I’ve been playing around with Apache James, a complete email server written in Java, in the last few months and I’d like to share some of my thoughts about it. (I’ll focus on version 2.3.2 as the 3.0 version is still in beta.)

In short
Apache James is a flexible, highly configurable and extendable email server (SMTP, POP3, IMAP4 [since James 3.0]). It can store emails and users either in the file system or in a database (e.g. MySQL, PostgreSQL, and others) and handles emails for multiple domains via mappings.

Some insights
There is a comprehensive documentation at the James website including a wiki, so I will not go too much into detail here. Some of the server’s main concepts are storage, processor, matcher and mailet.

Storage
Both emails and users (and other configuration data) is persisted in the storage. James comes with a filesystem-based and a JDBC-based storage implementation, but other types of storage are possible too (e.g. LDAP, JPA and others, some of them will be provided with version 3.0).

Processor
When an incoming email is processed by the server it is injected into a so-called processor, which is a kind of queue consisting of actions to be performed on the email. Those actions are performed by the mailets.

Mailets
A mailet is similar to a servlet in a web container (like Tomcat), but it handles an incoming email instead of an HTTP request. James comes with many ready-to-go mailets, but it is very easy to implement own mailets to perform special tasks.

Matcher
A matcher decides if a a mailet will be executed for an incoming email. It checks if a condition is met and tells the email engine to execute the associated mailet.

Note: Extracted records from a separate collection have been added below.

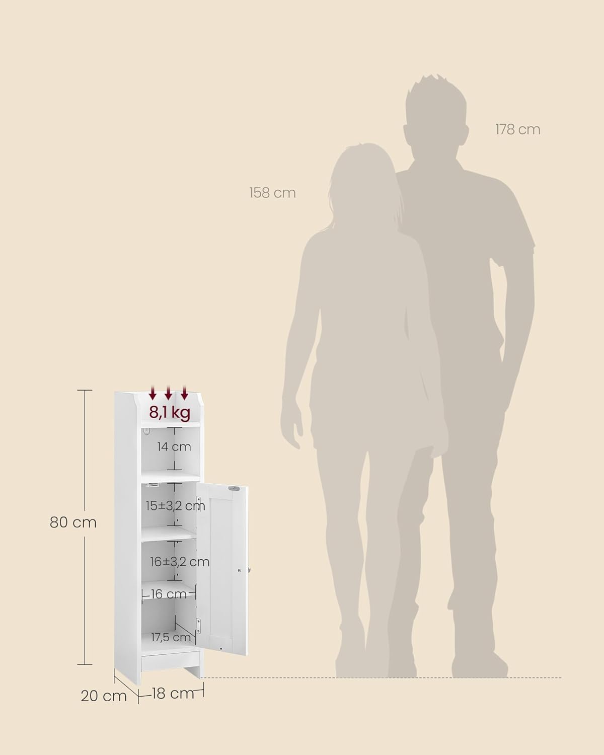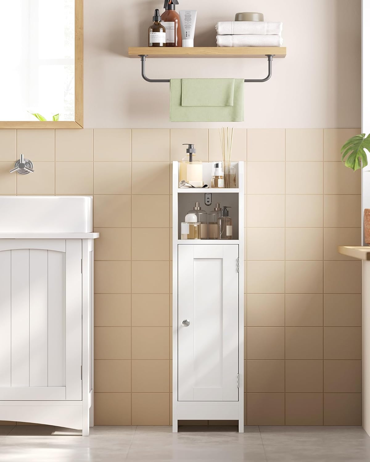 VASAGLE BBC310W01 Тоалетен шкаф, Шкаф за баня, Тесен рафт за баня, Регулируеми рафтове, Спестяващ място, Лесен монтаж, Бял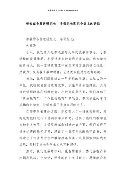 / 【七哥公文】2024年:校长在全校教研组长、备课组长两组会议上的讲话+更多免费公文+VX:QiGeGongWen2024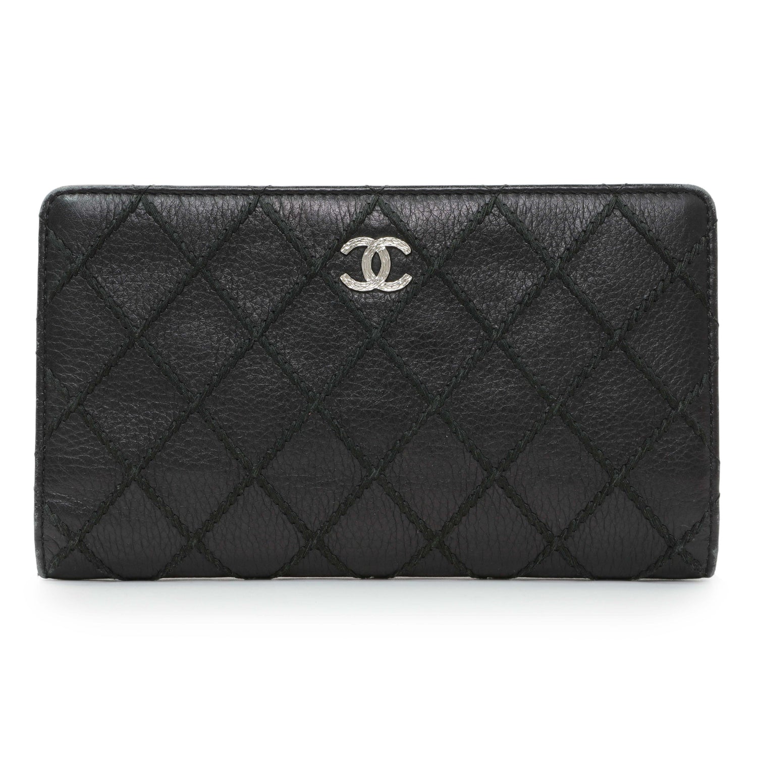 Chanel Black Calfskin Wild Stitch Wallet Accessories Chanel

Making it work all together
Sounds all a little bit confusing? Actually it isn’t. This is how everything works together:

  • The email engine receives an incoming email, wrapping it internally with an container (which provides some helpful functions)
  • The email engine forwards the the wrapped email to the processor named “root”
  • The “root” processor consists of a sequence of mailets, each having a matcher associated.
  • The mailet’s matcher is executed, returning whether or not the mailet should be executed.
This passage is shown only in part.